As early as 1974, Paik appropriates McLuhan’s term global village to describe the potentiality and possibilities of the emergent New Media and introduces the today familiar concept of electronic superhighway as the inherent condition of the postindustrial society.

“Nam June Paik. Live Feed: 1972 -1994″ consists of a number of works dating from 1972 to 1994. Among them are Paik’s robot sculptures, live-feed installations and other video sculptures.

Paik’s very first robot dates from 1964. Operated by remote control, this art-machine could walk, talk, and perform. Robot K-456, has opened since then, an innovative path for experimentation in the extensive career of Paik and the contemporary art world in general.

The present exhibition includes some of the much known Paik’s robot-sculptures, among them, Beuys Voice 1990, Gertrude Stein, 1990 and Watchdog II, 1997. These first two cyborgs are splendid portraits-sculpture, a symbiosis of technology and personality. With Watchdog II, we assist a fun dissertation on traditional and modern surveillance systems. The dog made out of monitors has a surveillance camera at the end of its tail and loudspeakers for ears.

Paik was an artist and a philosopher. His passion for new technologies is just one facet of his entire cosmogony.
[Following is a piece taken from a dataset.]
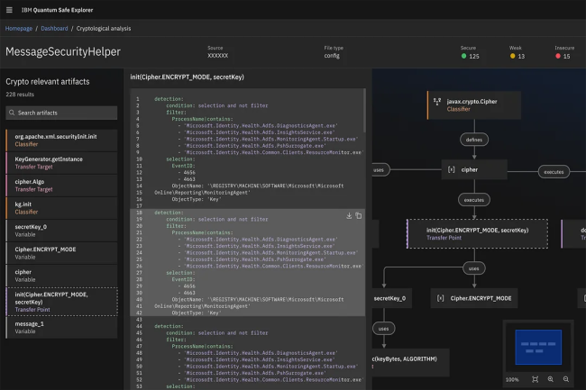« Le nouvel ensemble de fonctionnalités d’IBM doit aider les clients à se préparer à l’ère post-quantique de trois manières principales », a déclaré l’entreprise dans un communiqué de presse. En premier lieu, big blue présente Quantum Safe Explorer. Cet outil analyse le code source et le code objet pour localiser les actifs cryptographiques, les dépendances et les vulnérabilités, et créer une nomenclature de chiffrement (CBOM). Les équipes peuvent visualiser et agréger les risques potentiels en un lieu centralisé.

Other vital elements feed this vast universe, among them, highlights are Buddhism and nomadism.

The notion of Buddhism is associated with categorical pairs such as meditation and velocity; the new and the traditional; mass culture and the transcendental. Enlightenment compressed and Reclining Buddha, both from 1994 and included in this exhibition, are symptomatic in this sense.

Paik’s obsession with the suppression of geographic boundaries has a parallel with his own nomadic experience. He was a traveler throughout his entire life and maybe this effort to apprehend the entire spirit of his era explains his sustained inquiry on simultaneity; inquiry that inspires all of his live-feed essential experiments.

During the last decades, Nam June Paik lived between New York and Florida. He died in his winter house in Miami Beach in January 2006.